Choose the experimental features you want to try

This document is an excerpt from the EUR-Lex website

Document 32021D0322

    Besluit (EU) 2021/322 van de Raad van 18 februari 2021 tot benoeming van een plaatsvervanger van het Comité van de Regio’s

    PB L 64 van 24.2.2021, p. 1–3 (BG, ES, CS, DA, DE, ET, EL, EN, FR, GA, HR, IT, LV, LT, HU, MT, NL, PL, PT, RO, SK, SL, FI, SV)
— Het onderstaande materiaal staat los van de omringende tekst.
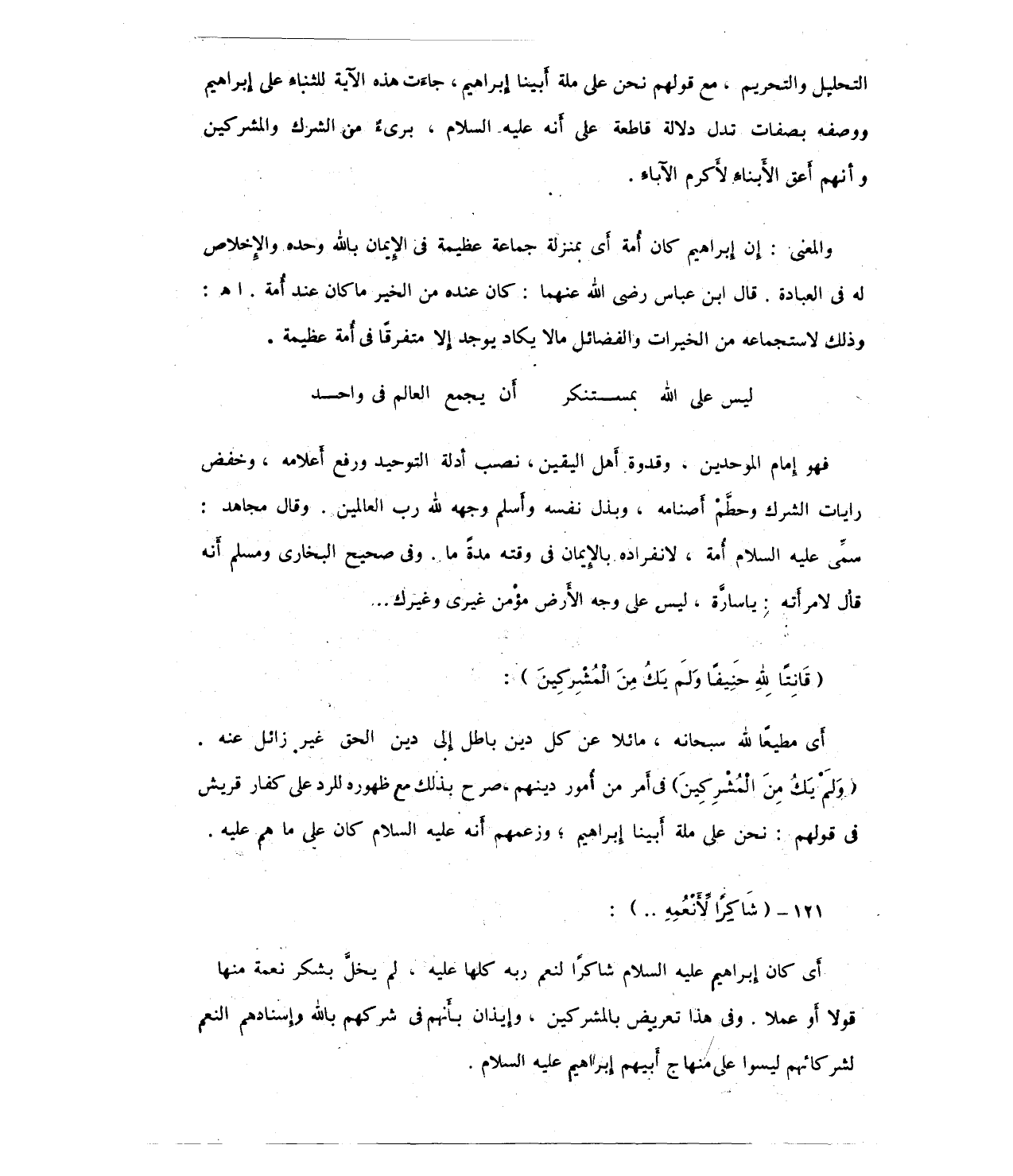 التحليل والتحريم, مع قولهم نحن على ملة أبينا إبراهيم، جاءَت هذه الآية للثناء على إِبراهيم ووصفه بصفات تدل دلالة قاطعة على أنه عليه السلام، بريءٌ من الشرك والمشركين وأنهم أعق الأبناء لأَكرم الآباء.
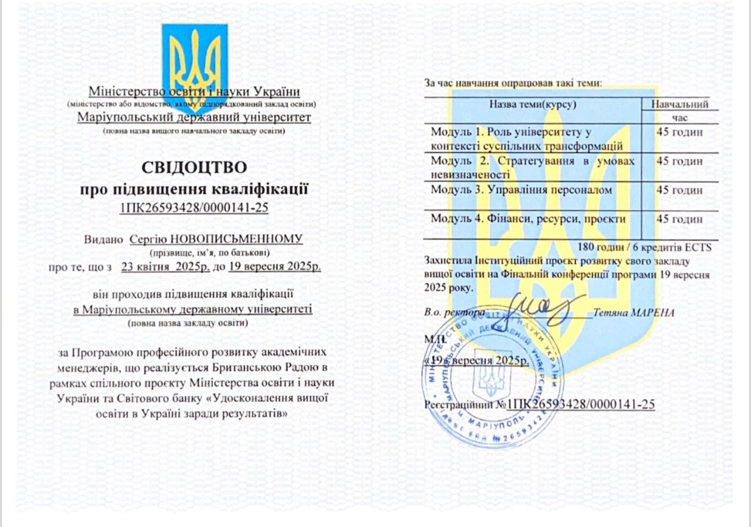 Навчання проходило з 23 квітня по 19 вересня 2025 р. на базі Маріупольського державного університету за програмою професійного розвитку академічних менеджерів, що реалізується Британською Радою в рамках спільного проєкту Міністерства освіти і науки України та Світового банку «Удосконалення вищої освіти в Україні заради результатів». Програма охоплювала широкий спектр актуальних тем: роль університету у контексті суспільних трансформацій; стратегування в умовах невизначеності; управління персоналом; фінанси, ресурси, проєкти.
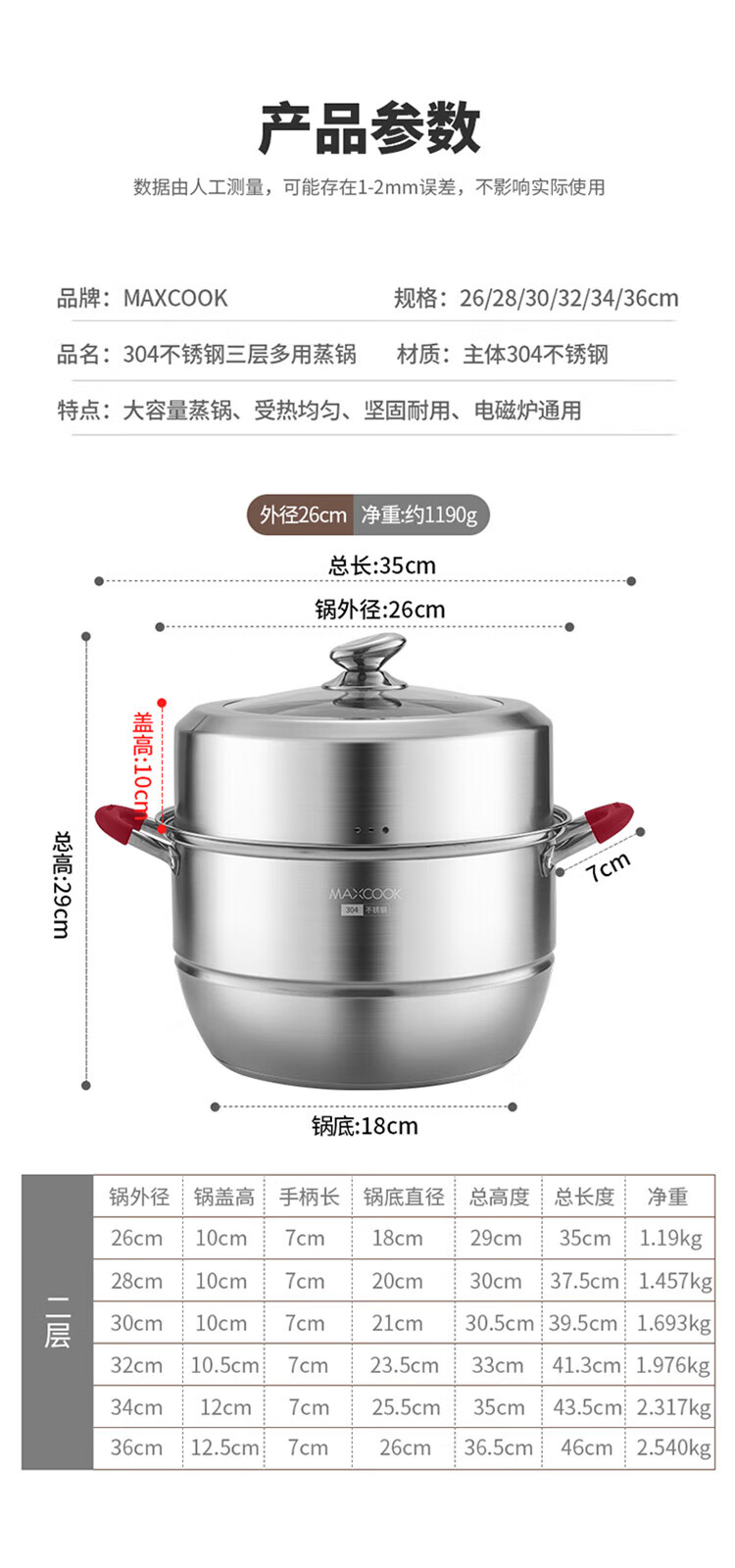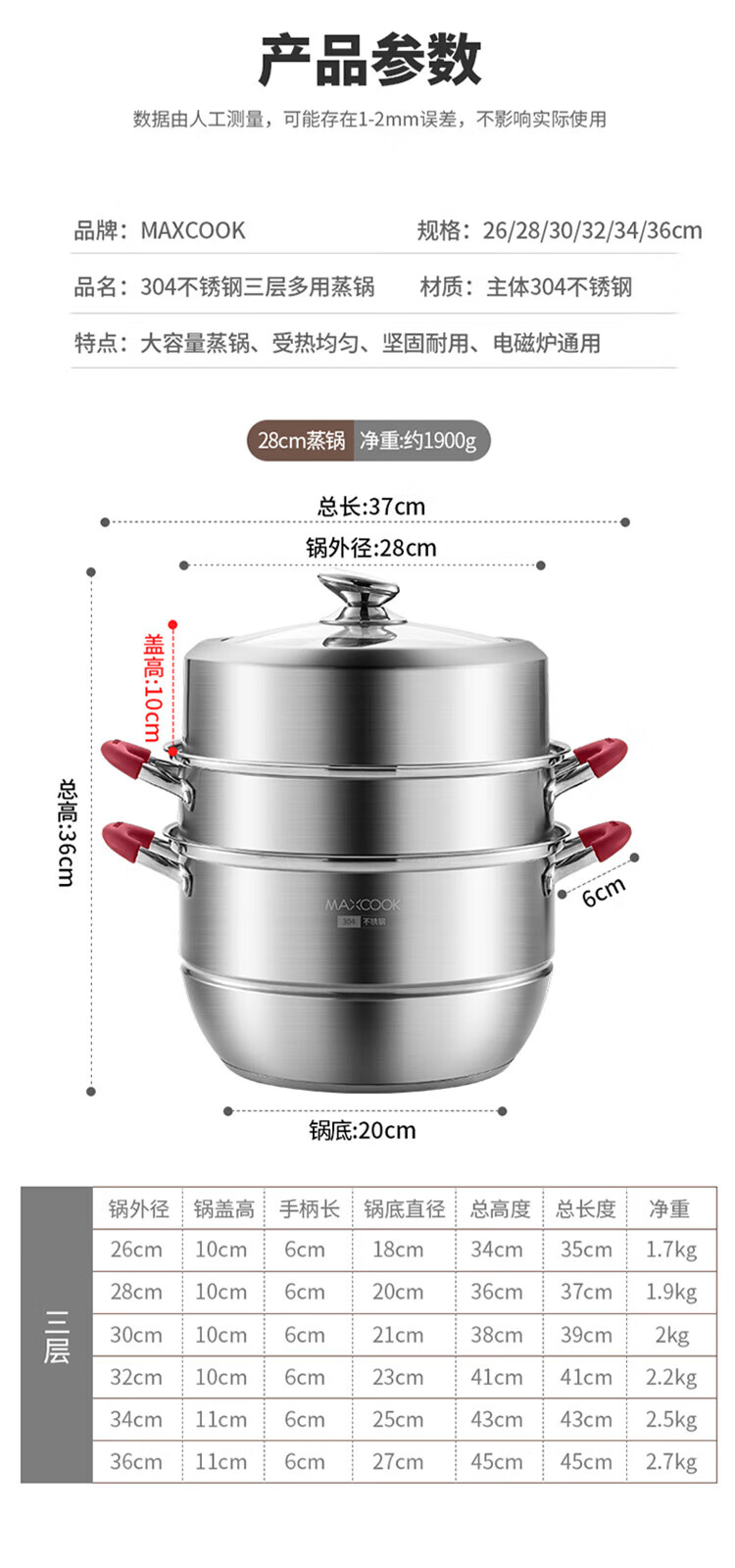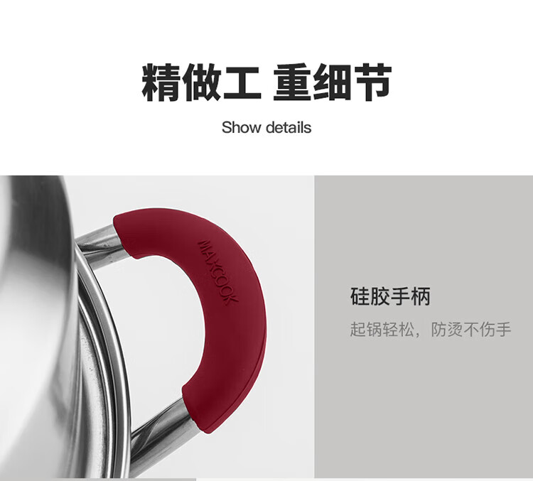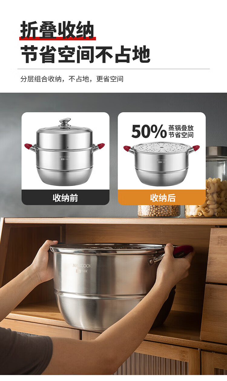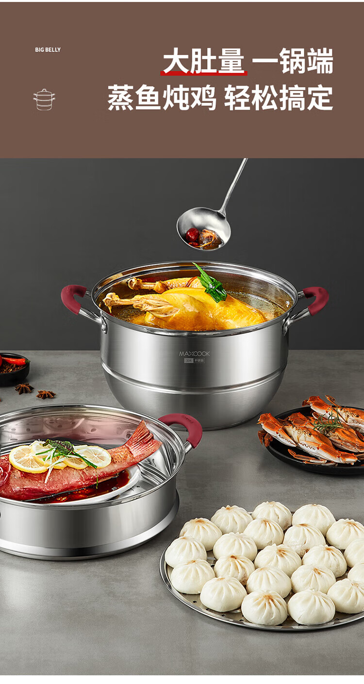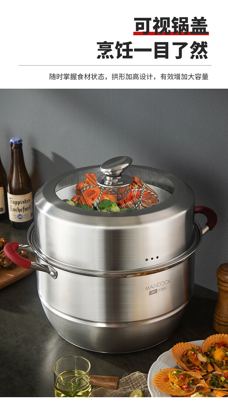 MAXCOOK anti-scalding steamer 304 stainless steel multi-layer steamer thickened multi-bottom soup pot gas electric three-layer MCZ5205 34cm

    Legal status of the document In force

    ELI: http://data.europa.eu/eli/dec/2021/322/oj

    24.2.2021   

    NL

    Publicatieblad van de Europese Unie

    L 64/1


    BESLUIT (EU) 2021/322 VAN DE RAAD

    van 18 februari 2021

    tot benoeming van een plaatsvervanger van het Comité van de Regio’s

    DE RAAD VAN DE EUROPESE UNIE,

    Gezien het Verdrag betreffende de werking van de Europese Unie, en met name artikel 300, lid 3, en artikel 305,

    Gezien Besluit (EU) 2019/852 van de Raad van 21 mei 2019 ter bepaling van de samenstelling van het Comité van de Regio’s (1),

    Gezien de voordracht van de Poolse regering,

    Overwegende hetgeen volgt:

    (1)

    In artikel 300, lid 3, van het Verdrag is bepaald dat het Comité van de Regio’s bestaat uit vertegenwoordigers van de regionale en lokale gemeenschappen die ofwel in een regionaal of lokaal lichaam gekozen zijn, ofwel politiek verantwoording verschuldigd zijn aan een gekozen vergadering.

    (2)

    In artikel 305 van het Verdrag is bepaald dat de leden van het Comité van de Regio’s, alsmede een gelijk aantal plaatsvervangers, voor vijf jaar door de Raad worden benoemd, overeenkomstig de voordrachten van de lidstaten.

    (3)

    Aangezien de ambtstermijn van de leden en plaatsvervangers van het Comité van de Regio’s op 25 januari 2020 is verstreken, dienen er nieuwe leden en plaatsvervangers te worden benoemd.

    (4)

    Op 10 december 2019 heeft de Raad Besluit (EU) 2019/2157 (2) vastgesteld overeenkomstig de voordrachten van de lidstaten. Bij dat besluit zijn voor de periode van 26 januari 2020 tot en met 25 januari 2025 de leden en plaatsvervangers benoemd die zijn voorgedragen door de Tsjechische, de Deense, de Estse, de Cypriotische, de Letse, de Luxemburgse, de Nederlandse, de Oostenrijkse, de Roemeense, de Sloveense, de Slowaakse en de Zweedse regering. Bij Besluit (EU) 2019/2157 zijn voor dezelfde periode eveneens benoemd de drie leden die door de Belgische regering zijn voorgedragen, de eenentwintig leden en twintig plaatsvervangers die door de Duitse regering zijn voorgedragen, de acht leden en acht plaatsvervangers die door de Ierse regering zijn voorgedragen, de zestien leden en zestien plaatsvervangers die door de Spaanse regering zijn voorgedragen, de tien leden en veertien plaatsvervangers die door de Italiaanse regering zijn voorgedragen, de vier leden en vier plaatsvervangers die door de Maltese regering zijn voorgedragen, en de acht leden en acht plaatsvervangers die door de Finse regering zijn voorgedragen.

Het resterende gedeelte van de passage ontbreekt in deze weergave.